Alt-Country / Americana / Blues / Country / Interviews / Videos

INTERVIEW: Matt Joe Gow (2018)



From alt-country to blues to soul, Matt Joe Gow covers all bases on his third album.

Across his first two albums, Matt Joe Gow laid down some accomplished alt-country, the kind that showed a lifetime growing up on the songs of Whiskeytown, The Jayhawks and Wilco alongside his parents’ record collection that included Petty, Springsteen and Dylan. Now on his third album, Break, Rattle and Roll, he’s widened his own musical palette and let the songs dictate their form and flavour.

Talking with Gow, there’s a confidence and excitement that he exudes when discussing his music. You can see that it’s still a mysterious art to him but one that he’s been exploring long enough that he knows how to harness and guide it to realise the sounds in his head. “In my opinion I think this is my best work as a songwriter and our best work as a band executing the songs. That’s because the influence is so wide on this one. It was also done on the back of lots of playing live and really enjoying playing in front of people and that energy was there in the songs,” he recalls.

“Overall the record takes from a lot of different places,” explains Gow. Opening up the sound to different influences meant the band could really stretch out and try some new things musically. “There’s a straight blues track (‘House That Burnt Down’), lots of rock ’n’ roll elements and the more alt-country sound of ‘Ride On’. There’s an old school r&b soul sound on ‘Ransom’, plus the ethereal 90s Grant Lee Buffalo/Mazzy Star mood of the title track. We also threw some Johnny Cash-type ballads into the mix. There’s a lot of influences across it and we can do that because we’re fans of lots of different sorts of music. It was cool to have musicians who could do it all authentically.”

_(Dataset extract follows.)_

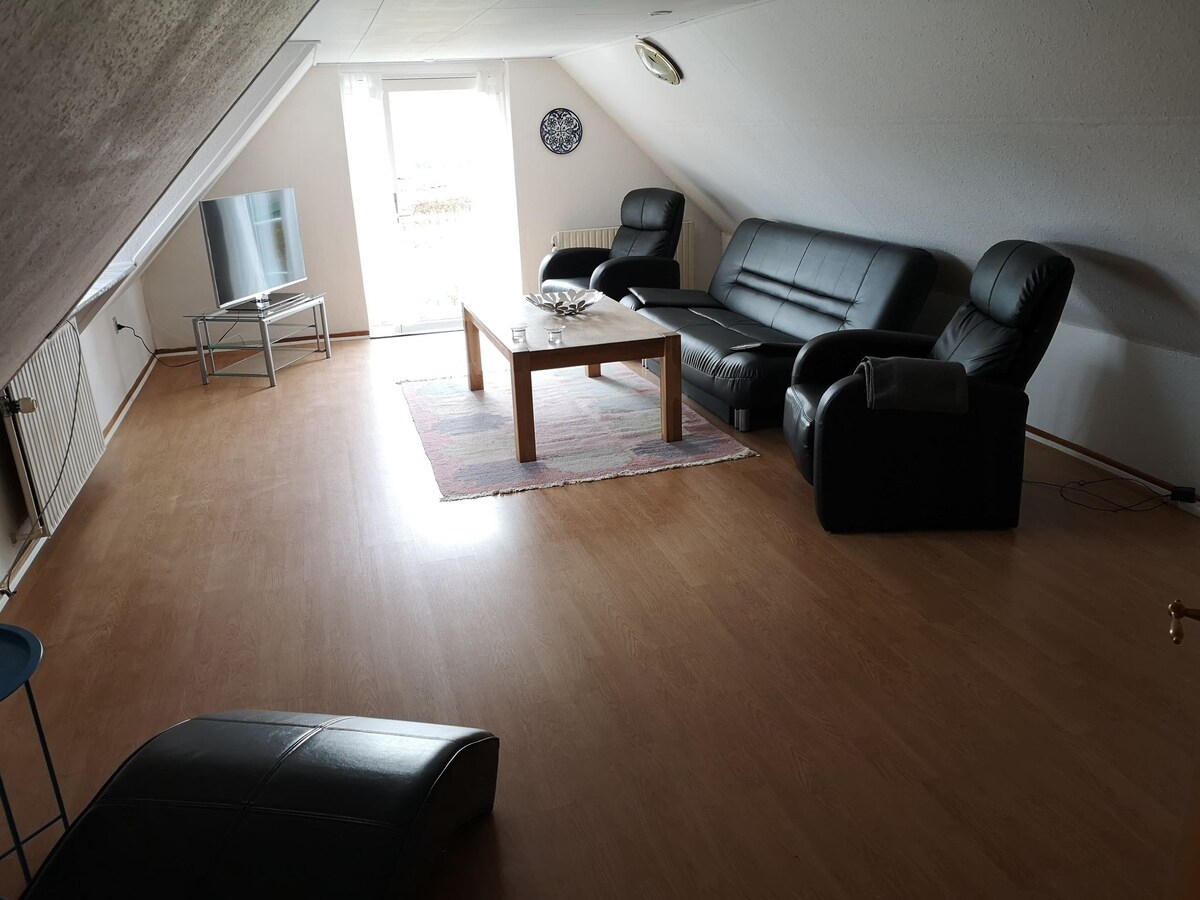 Nydelig loftlejlighed til 4 personer. 1 soveværelse med dobbelseng og sovesofa i stuen med mulighed for opredning til 2 personer. Der er indkøbsmuligheder indenfor 500 meter; Dagli' brugsen og Konditor Bager. Ladestation til Elbil ved Dagli' brugsen. Spisemuligheder Hotel Outrup, Pizzaria og Shell Grillen. Kunstmaler Otto Frello's fødeby. Dejlig naturområde, 10 km til Henne Strand, Filsø Natur, Blåbjerg plantage cykel - gå stier. Pay and Play golf, Fun Park Outrup og Vesterhavets Barfodspark.

It begs the question as to whether there are themes that tie the songs together. “I think each record has somewhat of a theme but I don’t always create that before going in. I can look back at them and see that though,” Gow replies, before explaining some of the common ideas behind the songs on Break Rattle And Roll. “On this one there are a couple of competing themes. There’s a night-time vibe and the idea of someone having journeyed. I wanted to write from the perspective of somebody who has come some way and gone through some stuff. That’s hard to do when you’re 21 but after a few albums, band members and relationships, you’ve been through things and you can start to understand it all. It’s that idea of self-determination and making it through.”

An early influence on Gow’s songwriting was the music of Grant Lee Buffalo and a bold punt at scoring a support slot a few years ago at the Melbourne Festival paid dividends and blossomed into a friendship that resulted in Gow accompanying Grant-Lee Phillips on his Australia tour earlier this year. “I got that first gig because I saw he was coming here and rang up and told them they had to put me on the bill – and it worked!” he laughs. “We chatted and I think the respect grew after he saw us play and liked our set. We kept in touch and when he came back out here it was like we were friends. I’d learnt to play all his old songs when I was younger so it was cool to sit down and play some songs together. I could tell he enjoyed it and he dug the energy playing together because he usually plays solo these days,” says Gow.

“On my first record I wanted to put across that alternative country is great and cool and if you don’t like it you can go fuck yourself because this is what we’re doing and we don’t care if you think it is weird to play country music,” remembers Gow. After initially trying to carve out a niche in mainstream music and then with the Tamworth scene, Gow is now more content to forge his own path and follow his muse. As a result he believes his new music is “all the better for the diverse sound and quality songs.”